11.27.08 | marriage | 6 Comments

Wednesday night as we waited for Australia to start, my sisters and I discussed men. Mary’s marriage imploded earlier this year, and Karen is now much less starry-eyed at the prospect of love and romance than Mary and I were when we were nineteen. Karen asked us how she could ever know if it was the right thing to marry someone. How do you know they won’t hurt you as my sister has been hurt?

Of course you can’t know.

Dick could turn out to be a mass murderer tomorrow, and I would be the last person to know.

Not really. I keep pretty close tabs on that boy.

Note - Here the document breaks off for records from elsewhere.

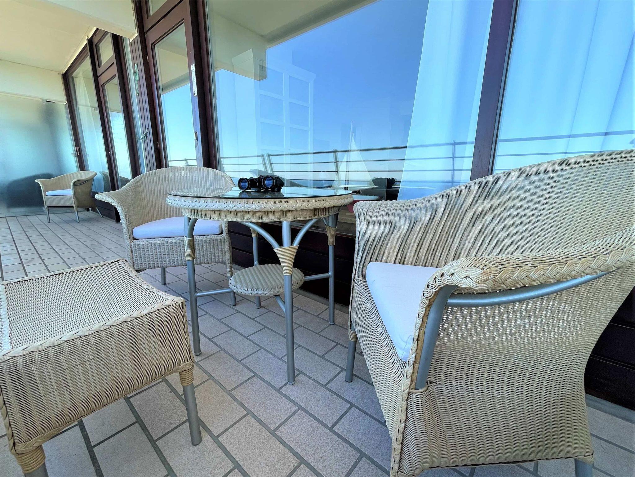 Moderne 2-Zimmer-Ferienwohnung in Lübeck-Travemünde mit Balkon und atemberaubendem Meerblick direkt am Strand.
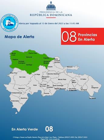 Las provincias en alerta verde son: Monte Cristi, Espaillat, Santiago Rodríguez, Hermanas Mirabal, Dajabón, Santiago, Puerto Plata y Valverde.
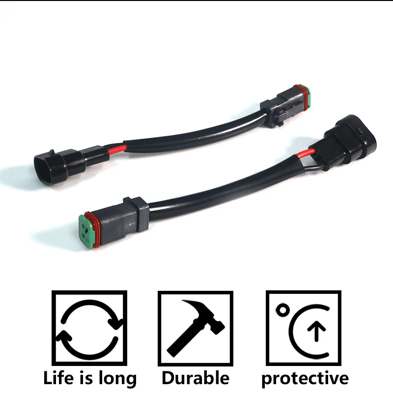 Количество: 1 пара (прибл. Длина: 7 ") с водонепроницаемыми адаптерами IP68 Deutsch Трансформируется из H11/H8/H9 лампа Разъем для Deutsch DT разъемы 2-контактный разъем, совместим с большинством LED pod огни, планки со светодиодными лампами на рынке, в том числе жесткая, р/у, Putco, видение х и т. д Идеально подходит для преобразования обычных противотуманных фар в LED pod свет, LED рабочий свет или LED свет бар без изменения не требуется Не требуется резка или Сращивание-просто подключите новые расширения, и все готово!
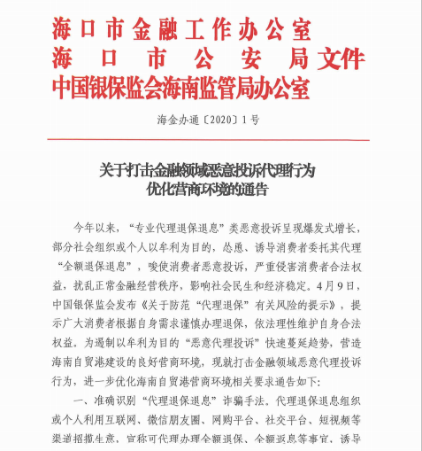 就在近日,继全国多地监管局多次加强对“保险全额退保”的管控后,中国银保监会海南监管局正式发布《关于打击金融领域恶意投诉代理行为 优化营商环境的通告》,将严厉打击捏造事实的恶意投诉行为,并追究其相关法律责任。同时警示消费者要准确识别“代理退保退息”诈骗手法,要通过正规渠道充分了解金融保险产品信息,树立依法维权意识;并督促金融机构要加大对消费者金融知识普及宣传,强化投诉管理,完善消费者权益保护机制体制的建设,有效提升客户满意度。
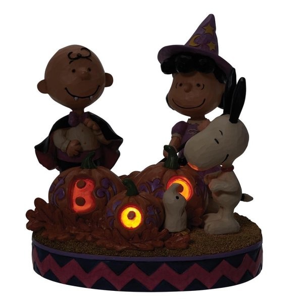 "Charlie Brown, Lucy, and Snoopy gather around their light up pumpkins to celebrate Halloween together. This figurine is made from cast stone and packed in a branded gift box so a perfect gift for your friends or to add to your own collection. Unique variations should be expected as this product is hand painted. Not a toy or children's product. Intended for adults only. Height: 13.0cm Requires 3 AAA Batteries (Not included)."
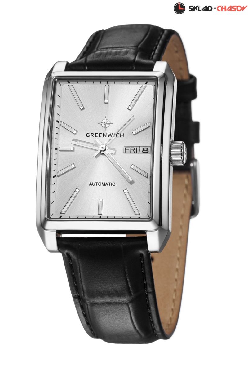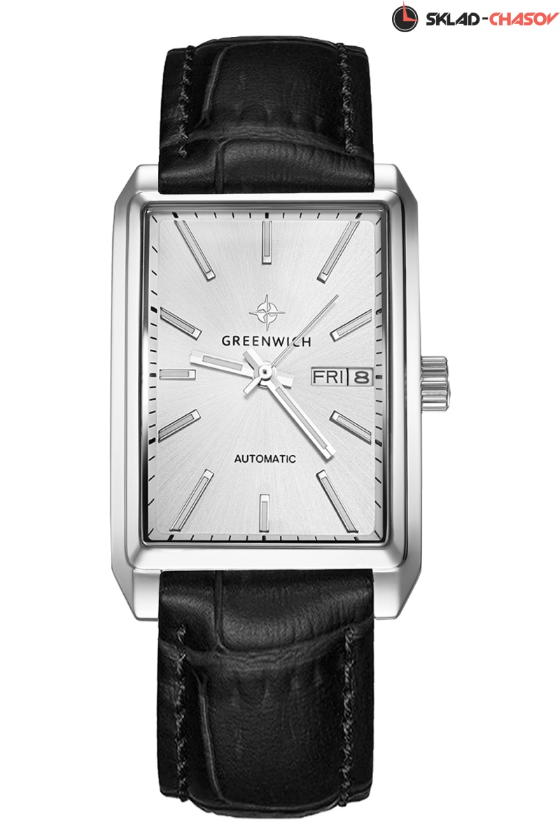 Новое прочтение классических часов от Greenwich: часы в прямоугольном корпусе со скошенными углами серии Caravel. В качестве материала для корпуса была выбрана гипоаллергенная нержавеющая сталь. За движение стрелок, дисков даты и дня недели на белом циферблате отвечает механизм с функцией автоподзавода. За его работой можно наблюдать через прозрачное окошко на задней крышке часов. Стрелки и риски светятся в темноте — они покрыты люминесцентным составом. Ремешок часов выполнен из натуральной кожи черного цвета с прошивкой. Механические часы Caravel подходят для ежедневного использования, тем более, что в таком режиме ротор будет заводить пружину механизма от обычных движений руки, без необходимости завода с помощью заводной головки.

As I’ve told my sisters before, I knew that I had to marry Dick. That he was it. When he got cold feet after we’d been engaged for about a month (remember this is also just a month after we met), I felt that my life was over, and not just in a Twilight “I love you even though you’re a vampire and sometimes want to eat me” sort of way.

Basically, I said, Dick is my evidence that there is a God and that He cares about me.

Mary turned to Karen and said, “You’d think she’d treat him better, then.”

What? I treat Dick JUST FINE.

Maybe sometimes I get exasperated by Dick’s always dwelling in the land of never-never. In the kitchen, making mincemeat pie with his dad for Thanksgiving, Dick reminds me of Anne of Green Gables, who is always so busy daydreaming she forgets to add flour.

Sometimes I can’t revel in the nice things Dick does (like taking the kids home for bed while I see a movie with my sisters) because the next morning he brings them back to my parents looking like raggedy orphans.

You know how they say that in order to counteract one criticism you have to give seven compliments? It’s like that. Dick does or says one irritating thing, and suddenly the five or six thoughtful things he did just don’t quite make up for it.

Well, today he did one small thing that I think is the nicest thing anyone has ever done for me.

I called him early to remind him to bring me fresh clothes and my glasses, and he told me how Susan, after snuggling with him in our bed this morning, had a little accident. We are not amused, Susan. You can’t just go an entire year accident-free and then have three accidents in two days, including one in MY BED.

Dick got a bit impatient with the long list of things I needed from the house. And the butter and ice cream and bacon I needed from the store. He may even have snapped when I suggested he get a pen and paper to write this all down. Wasn’t I sympathetic that he had to FIND THE BAKING SODA and THROW THE SHEETS DOWN TO THE LAUNDRY ROOM?

So finally he made it to my parents. He told me where everything on my list was, and then he said, “I brought you a Mountain Dew.”

That he would think of this on his own, and actually remember it and try to shrug it off as “they were just sitting there right by the door to the garage” –

I don’t even know how many irritating things that counteracts, Dick. Maybe a million.